Data preparation
We prepare the data in such a way that we remove or fill in missing data (e.g. modal, MIN-MAX etc.). We perform appropriate statistical tests so that we obtain a suitable set of features to obtain a reliable prediction with the machine learning algorithms.
Data visualization
We visualize the data in scatter plots or boxplots to show insights into the data. We visually advise your data in a form that satisfies your management and you can use for your business decisions. In addition, you get insights into the quality of the machine learning algorithms through a confusion matrix.
Modeling
After data preparation and data visualization, we build machine learning models that can be used for future prediction of your business decisions. We perform hyperparameter tuning so that we get the best setting for the machine learning model.
Python, Scikit-Learn, Pandas, SQL and Scrum
For data analysis we use the Python programming language. We use Pandas for data preparation and data visualization. For machine learning like clustering, classification and prediction we use the free software library Scikit-Learn. We use SQL to query the data. This allows you to incorporate our Machine Learning models into your business.

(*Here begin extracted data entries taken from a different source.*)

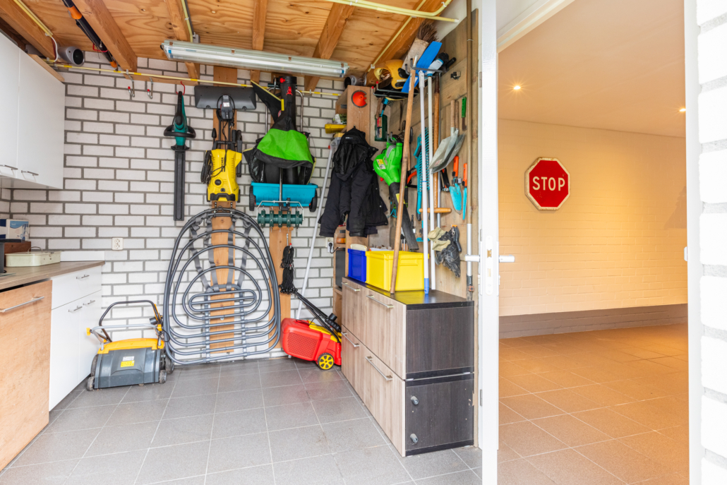 Direct aan de woning is de garage gebouwd. Deze garage is in 2017 verlengd en volledig verbouwd. In totaal heeft deze ruimte een oppervlakte van ruim 26 m2. De ruimte is netjes afgewerkt en voorzien van een tegelvloer en isolatie. Door de vele aanwezige aansluitingen (verwarming en elektra) is deze ruimte vrij eenvoudig om te turnen tot extra woonruimte. Buitenom bereikbaar of toch liever een doorgang vanuit de woning? Mogelijkheden zijn er voldoende. Tevens bevindt zich hier de omvormer t.b.v. zonnepanelen (14 stuks).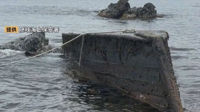 同海保によると、木造船が26日午前8時半ごろ、海岸から30~50メートル沖合を漂流しているのを近所の住民が発見。その後、海岸へ打ち上げられた。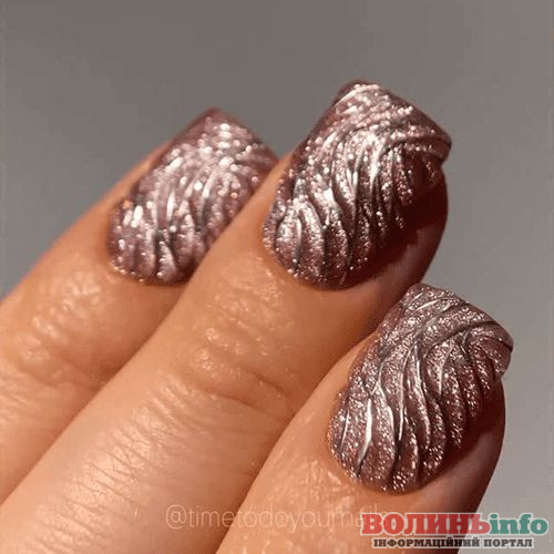 Осінь любить тактильність: «в’язаний» нейл-арт, пісочний/оксамитовий фініш, 3D-елементи з осінніми мотивами (листочки, краплі). Текстури не лише трендові, а й практичні — вони маскують дрібні нерівності й довше тримають форму.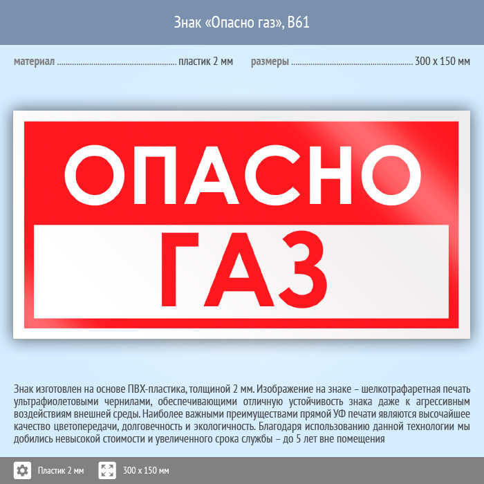 Знак «Опасно газ», B61 (пластик, 300х150 мм) в Волгограде купить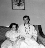 Description :ASSIS SUR UN DIVAN, A DROITE JEAN SYLVESTRE EN HABIT DE NOVICIAT CHEZ LES PERES BLANCS ET A GAUCHE MARIE SYLVESTRE, LA SOEUR DE GEORGES DANS LA MAISON D'ERNEST SYLVESTRE (LE PERE DE GEORGES ET DE MARIE). LA MAISON EST SITUEE AU COIN DE GILLESP...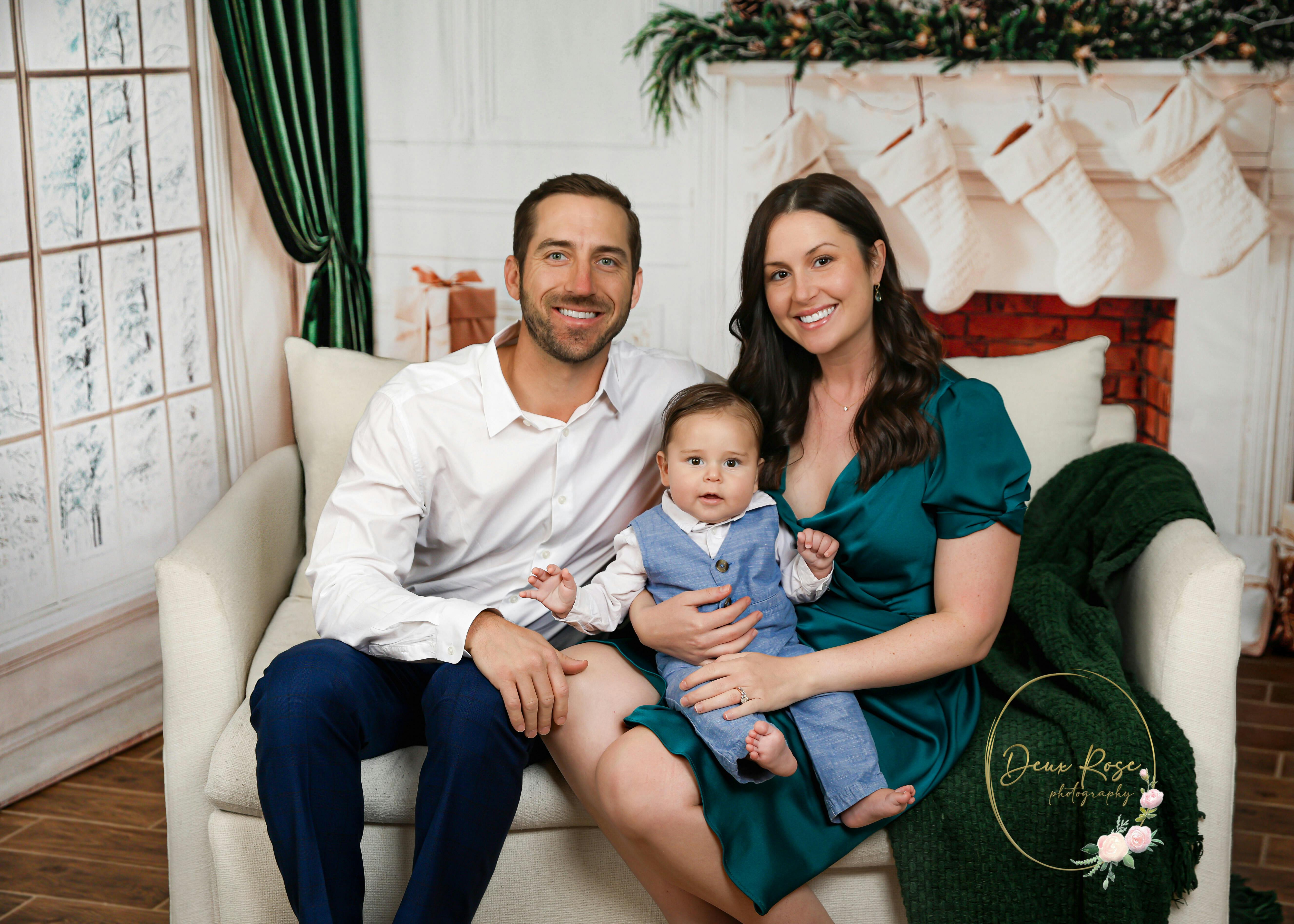 Create a warm and festive atmosphere with the Cozy Elegance Christmas Fireplace Backdrop. This beautifully designed backdrop features a glowing fireplace, decorated Christmas tree, and wrapped gifts, perfect for capturing memorable holiday portraits with charm and style.

For project execution we can work in the agile project management method Scrum.
Microsoft Azure and Microsoft Azure HDInsight
We also perform data preparation, data visualization and prediction with Microsoft Azure. We build models and offer you a web service on request, with which you can use the machine learning algorithms in Microsoft Excel, for example. We use Microsoft Azure HDInsight for the Big Data area.
Apache Hadoop, Apache Hive, Pic, Apache Spark
We can use Apache Hadoop for storing and reading Big Data from clusters. For accessing the data, we can use Apache Hive or Pic. If desired, we can use Apache Spark for processing and machine learning of Big Data.